Из рассказов Свистунова я уже давно знал, что в Москве существует издательство «Посредник», созданное еще при жизни Л. Н. Толстого и по его инициативе. Я знал также, что издательством руководит Иван Иванович Горбунов-Посадов и что оно выпускает много дешевых по цене книжек специально для деревни. В числе этих книжек есть и такие, которые написаны рядовыми крестьянами, живущими в деревне. Я не только знал все это, но некоторые посредниковские книжки мне удалось уже и прочесть. Наиболее памятной из них была небольшая книжечка стихов Спиридона Дрожжина. В предисловии к стихам говорилось, что Дрожжин — это поэт-пахарь, который живет в деревне и занимается хлебопашеством.

Стихи у Дрожжина были такие, что мне показалось: и я могу написать не хуже, чем он. В данном случае я впадал в ту самую ошибку, в которую впадают многие начинающие поэты и все те, кто пробует писать стихи. Читая простые по форме стихи, они тоже думают, что могут «не хуже». Однако это не так. Им хоть и кажется, что «не хуже», но на самом деле в их стихах чаще всего нет той внутренней силы, которая делает стихи живыми, поэтичными.

Конечно, Спиридон Дрожжин не принадлежал к числу поэтов, лучше которых написать трудно либо просто невозможно. Но ведь я-то был всего лишь мальчишка, у которого — ни своего поэтического материала, ни своего поэтического опыта. Поэтому-то моя уверенность — мол, и я могу «не хуже» — оказалась сильно преувеличенной и ни на чем не основанной. Но это я понял уже позднее.

А пока взял тетрадь в черном клеенчатом переплете, подаренную мне Свистуновым, и, переписав в нее свои стихи, написанные на деревенские темы, я по секрету от всех отправил их в Москву, прямо И. И. Горбунову-Посадову.

Недели через две, сидя недалеко от Павлинова на уже изрядно увядшей осенней траве и перебирая письма и газеты, я обнаружил ответ издательства «Посредник». Ответ был даже не один, а два: во-первых, мне вернули мою черную тетрадь, и, во-вторых, пришла открытка на мое имя, написанная своеобразным, каким-то уж очень острым и неразборчивым почерком, похожим на то, как если бы открытка писалась по-немецки — узкими и на концах острыми готическими буквами. В открытке сообщалось, что издательство «Посредник» не может в настоящее время издать моих стихотворений и потому возвращает их. Открытка была подписана фамилией Алексеев.

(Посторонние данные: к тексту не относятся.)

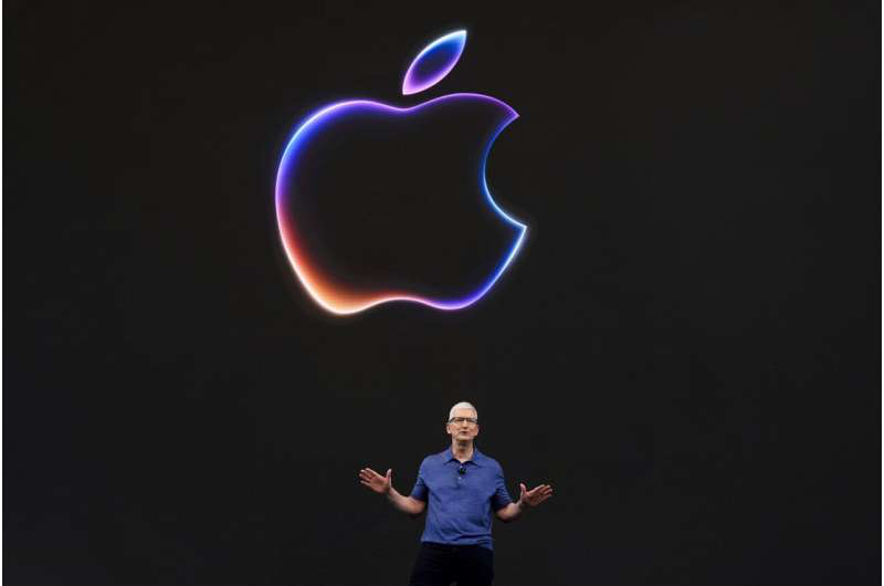 Apple CEO Tim Cook speaks during an announcement of new products on the Apple campus in Cupertino, Calif., Monday, June 10, 2024. Credit: AP Photo/Jeff Chiu

Меня не очень огорчил отказ «Посредника», тем более что по неопытности я не понял подлинного смысла открытки: я воспринял ответ так, что мои стихи «Посредник» не может напечатать сейчас ввиду трудностей военного времени, но что после, вероятно, сможет и напечатает. Ведь в открытке же не сказано, что стихи слабые и что печатать их вообще не надо.

Мне все же стало почему-то досадно, что я получил ответ не от самого Горбунова-Посадова, на имя которого посылал стихи, а от Алексеева, о котором ничего не знал.

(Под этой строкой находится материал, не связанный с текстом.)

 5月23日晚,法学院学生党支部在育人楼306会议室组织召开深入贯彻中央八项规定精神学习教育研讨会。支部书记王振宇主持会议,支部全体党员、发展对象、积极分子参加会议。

Я был, однако, доволен, что и открытку и тетрадь получил на почте сам. Поэтому никто посторонний, даже отец мой, не мог знать о моей попытке стать «печатным поэтом»{2}.

5

Война продолжалась, и люди ни на минуту не забывали о ней, хотя они уже как бы немного привыкли, что она идет, и потому, возможно, меньше стали говорить о ней, занятые повседневными своими делами и заботами. Но война чувствовалась во всем. Начать хоть бы с того, что в деревне почти совсем не осталось мужчин, если не считать стариков и подростков. Молодежь с самого начала войны перестала собираться на свои вечерние гулянья. И там, где на деревенской улице совсем еще недавно слышались по вечерам и звонкие девичьи песни, и веселые шутки, и смех, стало тихо, безлюдно, пустынно.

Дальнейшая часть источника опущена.